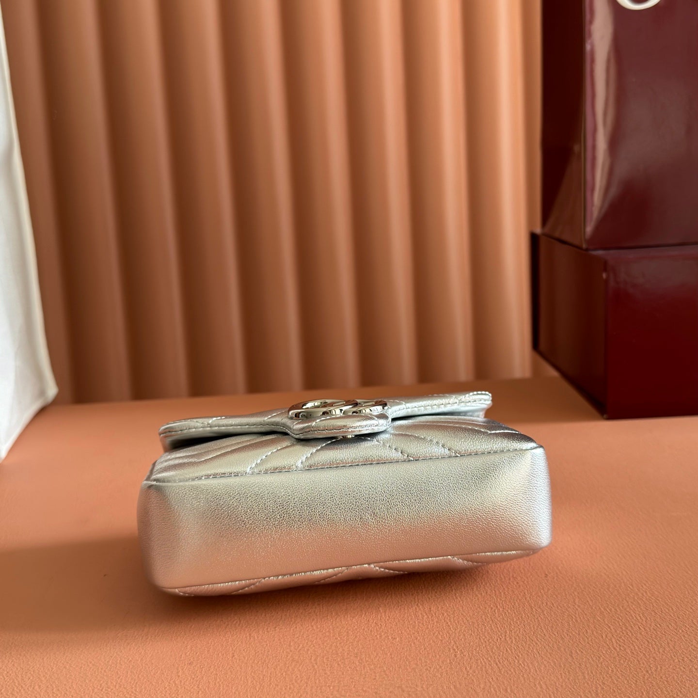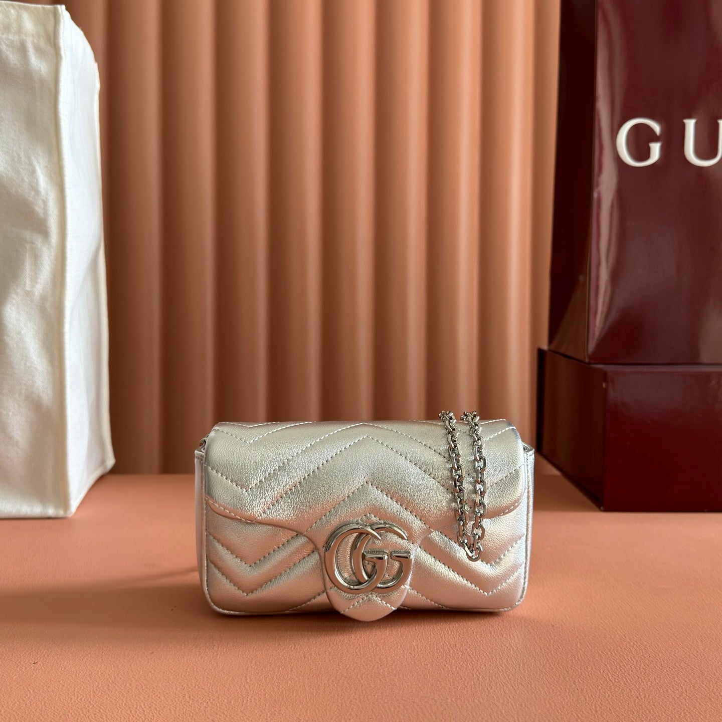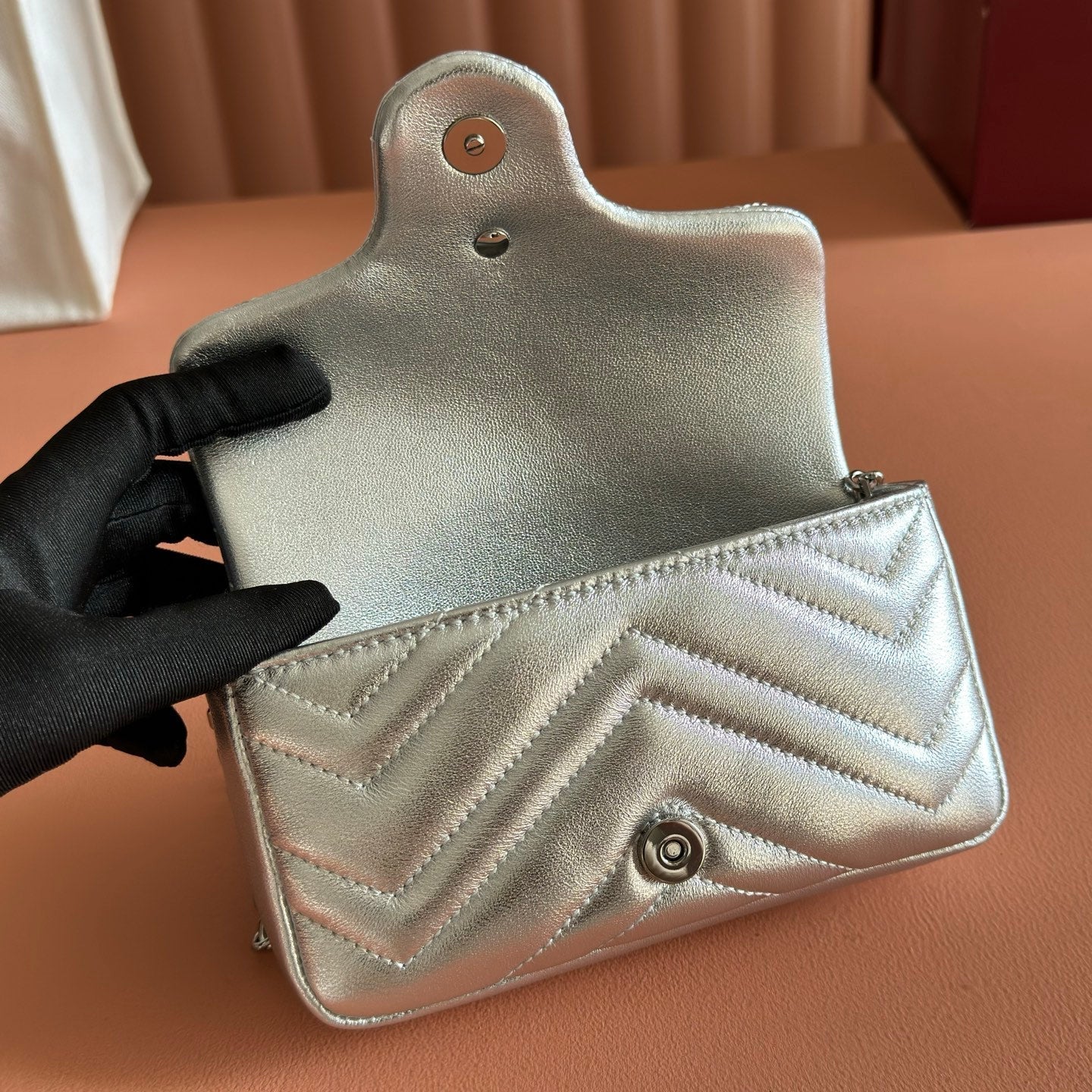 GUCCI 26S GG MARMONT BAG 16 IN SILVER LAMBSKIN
==
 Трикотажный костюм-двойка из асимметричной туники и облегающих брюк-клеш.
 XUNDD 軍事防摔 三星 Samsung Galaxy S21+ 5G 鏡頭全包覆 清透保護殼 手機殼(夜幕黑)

> _Work task_:
A word-for-word copy of the lines above from the one with "Трикотажный костюм-двойка из" through the one with "XUNDD 軍事防摔 三星", inclusive, is the only output wanted.

> _Answer space_:
 Трикотажный костюм-двойка из асимметричной туники и облегающих брюк-клеш.
 XUNDD 軍事防摔 三星 Samsung Galaxy S21+ 5G 鏡頭全包覆 清透保護殼 手機殼(夜幕黑)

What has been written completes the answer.